Modern CPUs, so-called superscalar computers, do not execute anymore the instructions sequentially. They implement many hardware-based optimization techniques that modify the normal instruction flow. For instance, the CPU executes multiple instructions concurrently to keep the processor’s sub-units as busy as possible (See Eben Upton’s post). Thus, out-of-order execution speculatively executes instructions further down the instruction flow as soon as all needed resources are available. Thus, the CPU may execute an instruction before it is sure that the instruction is needed. If later the CPU determines the instruction was not needed, it discards the corresponding results from its registers. This mechanism is sound architecturally but not at the microarchitecture level. The cache memory still holds the discarded results. Unfortunately, for many years, security researchers have designed side-channel attacks that leak confidential information from the cache. Modern CPUs’ branch predictors attempt to guess the future control flow and, execute the instructions of the predicted instruction flow preemptively. If the predicted decision is wrong, the CPU discards the “results” of the speculative instructions if the prediction was incorrect. Once more, this mechanism is sound architecturally. Unfortunately, the results remain in the cache memory. Covert-side-channel cache attacks can retrieve them.

The attacks

The goal of Meltdown is to dump the kernel memory space from a user-space process. In a simplified explanation, Meltdown operates in two steps. During the first step, Meltdown entices the CPU to access the kernel space through out-of-order instructions. When the instruction flow reaches this execution point, it detects the violation and triggers an exception handling that blocks actual access to the kernel space. During the second step, Meltdown uses covert-channel cache attacks to retrieve the cached “inaccessible” data. Intel memory management maps privileged kernel memory in the user-space. Thus, kernel memory becomes accessible. The usual security assumption is that kernel memory is secure and not accessible on a computer without root access. Meltdown breaks the hardware-enforced isolation between kernel space and user-space.
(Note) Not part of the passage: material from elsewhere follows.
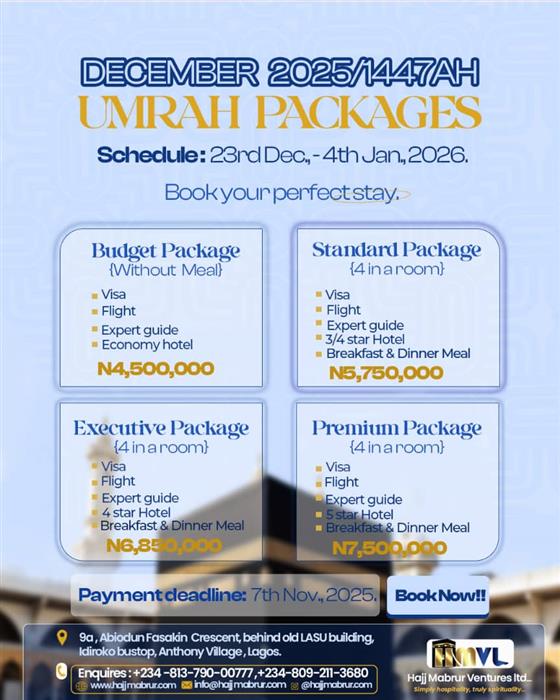 I performed hajj 2018 with HMVL and the experience was overwhelming, the services provided was an excellent one, from the staff, lectures and their hospitality was awesome, it exceeded my expectations. The accommodations both medina and mecca are easy accessible areas, close to Mosjid and haram, Muna was suitable for the purpose, the Arafat prayer was fully spiritual. i will be willing to go again with them and at the time encourage friends to go with them as i was also referred by a friend.
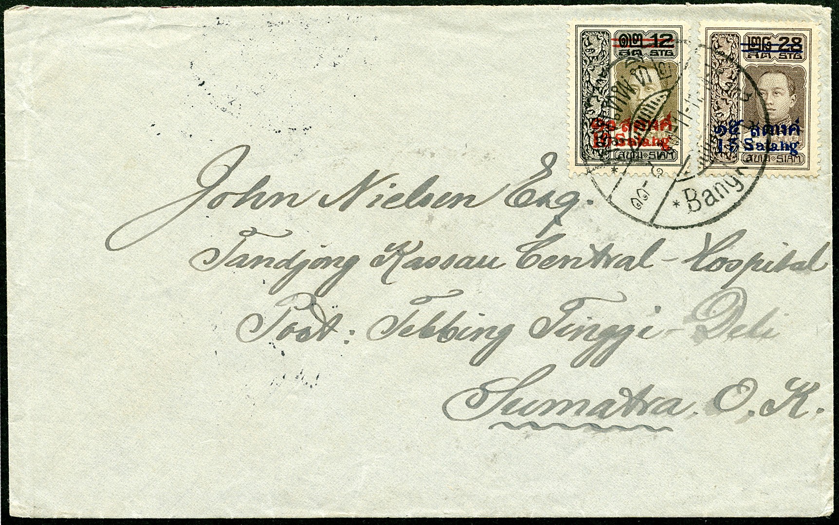 SIAM. Env. gefr. met 10s op 12s en 15s op 28s (Mi.114-115) van Bangkok 11-11-1914 over Singapore 18-11, de N.I.Postagent / Singapore 18-11 (kortebalk) en Medan 22-11 naar Tebingtinggi-Deli 23-11. Aantrekkelijk poststuk met op az. mooie afst.

Meltdown may affect any CPU using out-of-order mechanism and is OS-independent. Meltdown has been successfully tested on Intel x86, Intel XEON processors, and ARM Cortex A57. Meltdown was mounted on cloud containers, such as Docker, successfully. The software countermeasures use KAISER. KAISER is a software patch that prevents the mapping of kernel memory into the user space, thus thwarting Meltdown. The KAISER patch is available for Windows 10, Linux, MacOS and iOS.

The goal of Spectre is to reach information from another process. Spectre exploits branch prediction and speculative execution. It operates in three steps. During the first step, Spectre mistrains the branch predictor by repeatedly executing a given branching. During the second step, Spectre entices the branch predictor to mispredict the control flow. The CPU then executes the speculative code that should perform the “illegal” operations, such as reading unauthorized memory. As in Meltdown, the third step exfiltrates the cached data using a covert-channel cache attack. Spectre accesses from a given user-space the memory of another user-space. Spectre breaks the hardware-enforced isolation between processes.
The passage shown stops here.